William A. Brandt Jr., the turnaround specialist who was tapped Monday to handle the cleanup job at Mercury Finance Co., has had a hand in writing the rule book that he may soon have to follow.

Mr. Brandt, 45, a friend of and sometime adviser to President Clinton, has been credited with helping to formulate the Bankruptcy Reform Act of 1994. He also lobbied for the appointment of Brady Williamson as director of the Bankruptcy Commission.

The Lake Forest, Ill., auto lender, which disclosed last week that it had overstated earnings by $90 million over the past four years, is widely expected to seek bankruptcy protection, but had not done so at press time.

"I put their chances at between zero and none" to emerge without filing for bankruptcy, one analyst said. Mercury hired Mr. Brandt to replace John N. Brincat as president and chief executive officer in the wake of an accounting fiasco that rocked the subprime lending industry.

Mr. Brandt, president of a Development Specialists Inc., Chicago, could not be reached for comment Monday. In a prepared statement, he said he would be putting the "building blocks in place for the new Mercury Finance."

Mr. Brincat, who will remain as an employee and director, issued a statement saying Mercury was best served by a new, independent chief executive. Mr. Brandt and executives from his firm spent yesterday meeting with Mercury's creditors. On Friday, the firm had defaulted on a $17 million payment to creditors.

Along with a 20-year history as a bankruptcy and turnaround specialist, Mr. Brandt boasts close ties with the Democratic Party, and entertains President Clinton at his home, a spokeswoman for Development Specialists said. Turnarounds & Workouts, a trade publication, identified him as an adviser to President Clinton on bankruptcy issues.

Despite his political ties, other turnaround specialists seemed puzzled by the choice of Mr. Brandt. An executive from a rival turnaround firm said he is best known for working with smaller companies. "I'm really surprised, because I know how huge Mercury is," said this source, who did not want her name used.
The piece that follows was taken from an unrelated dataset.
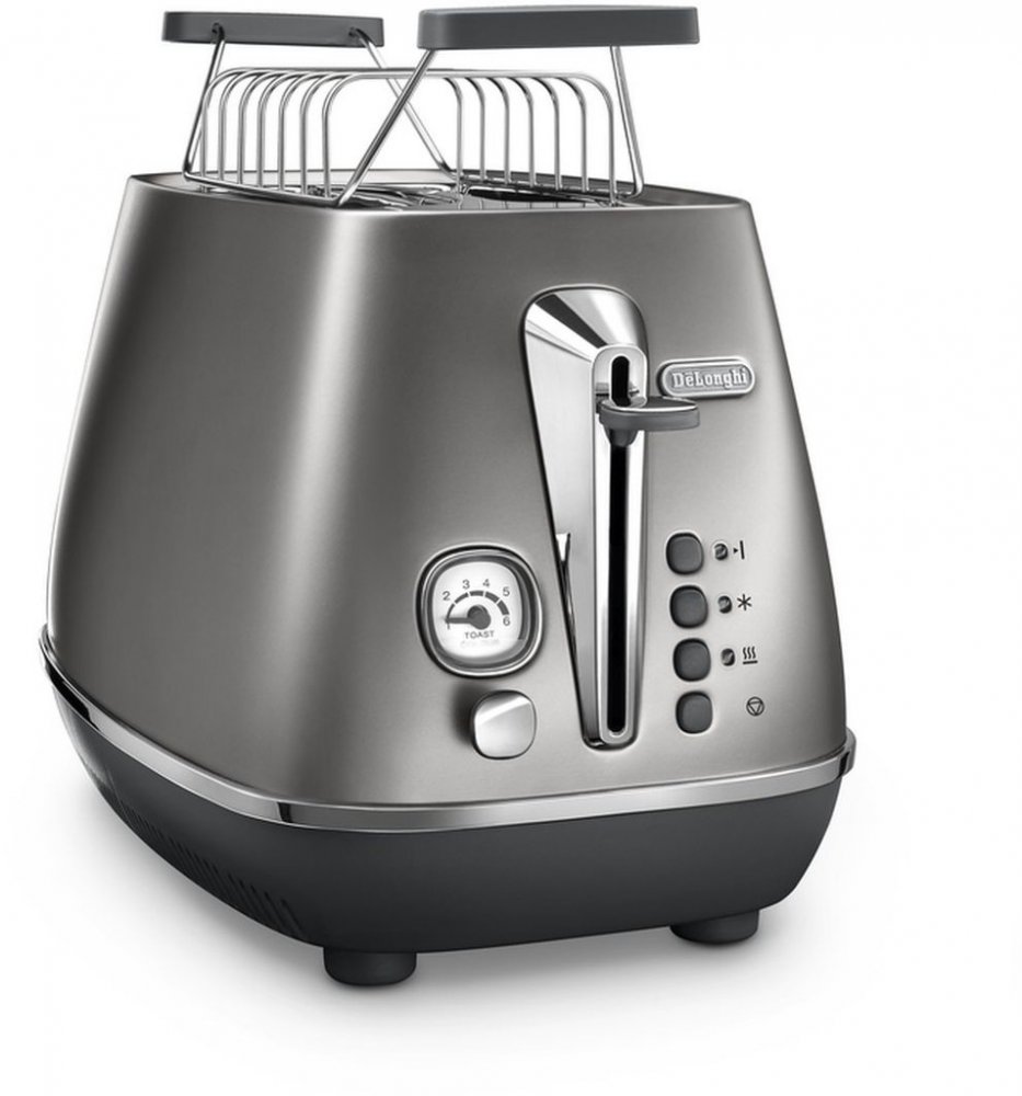 topinkovač • pro 2 ks topinek • 6 stupňů ohřevu • rozmrazování • opětovný ohřev pečiva • tlačítko STOP • světelná indikace provozu • rozpékač pečiva • vyjímatelný tác na drobky • tlačítkové ovládání • příkon 900 W

The jury is still out on Mr. Brandt's effectiveness as a turnaround pro. Southeast Banking Corp., which Mr. Brandt ran before its sale in 1991 to First Union Corp., is described by one First Union analyst as "still a mess."

After the sale, Mr. Brandt, representing Southeast, sued First Union, claiming the Charlotte, N.C., banking company had misused confidential information to persuade regulators to seize the bank, thus dragging down the purchase price.
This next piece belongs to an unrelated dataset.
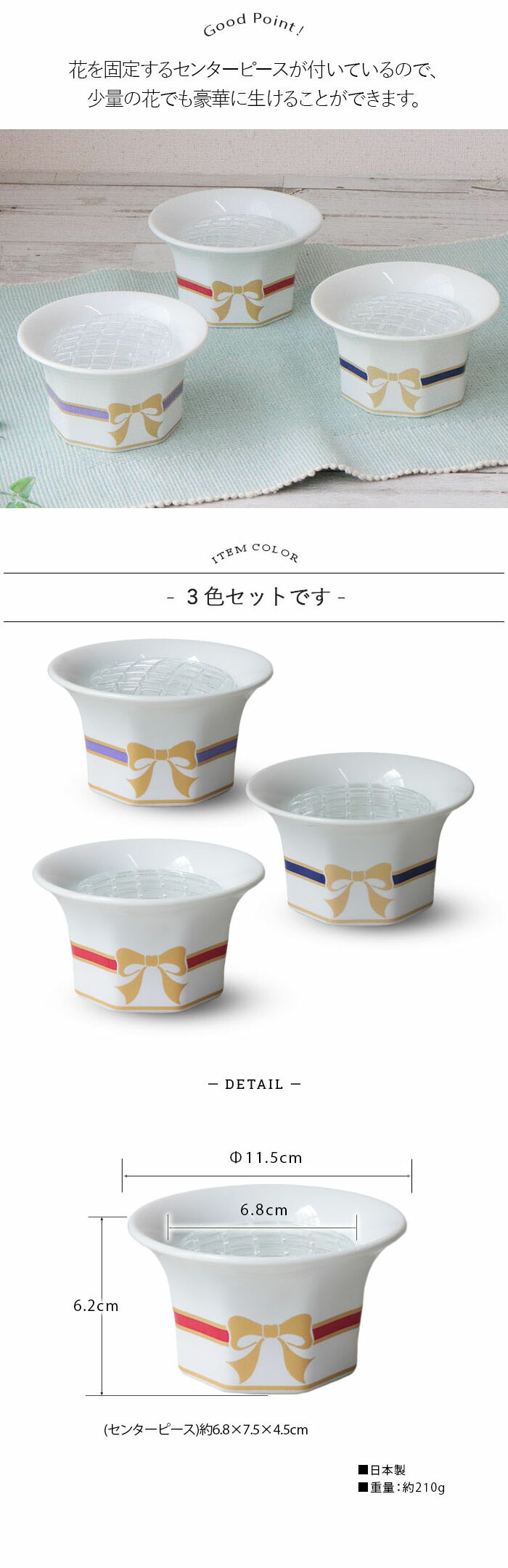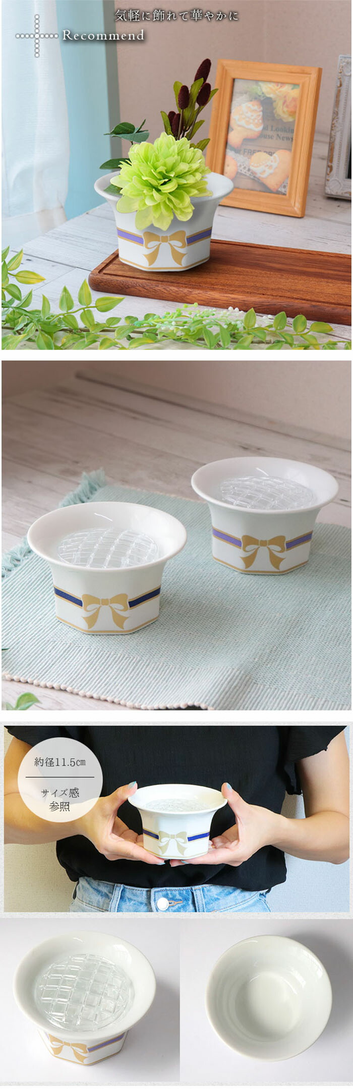 サイズ:約径11.5×高6.2cm、センターピース:約6.8×7.5×4.5cm ▼満水容量:- ▼重量:約210g ▼原産国:日本製 ▼材質:長石・硅石・粘土、センターピース:ポリプロピレン ▼電子レンジ:不可 ▼食洗機:不可

According to the Pittsburgh Business Times, Mr. Brandt was fined for misrepresenting his credentials while working on a Milwaukee bankruptcy case.

Mr. Brandt allegedly testified in court that he had obtained a master's degree from Harvard University and that he had been employed by the Central Intelligence Agency-both fabrications, the paper said.

Mr. Brandt's spokeswoman said she was not aware of any such charges. His resume now lists a bachelor's degree from St. Louis University and a master's degree from the University of Chicago.

In related news, Mercury's stock closed Monday at $1.75, down 37.5 cents. J.C. Bradford & Co. analyst Henry J. Coffey downgraded the stock to "sell" from "strong buy."

Also, Mercury issued a press release Monday saying the company was "cooperating fully" with federal investigators who executed a search warrant at the company's headquarters.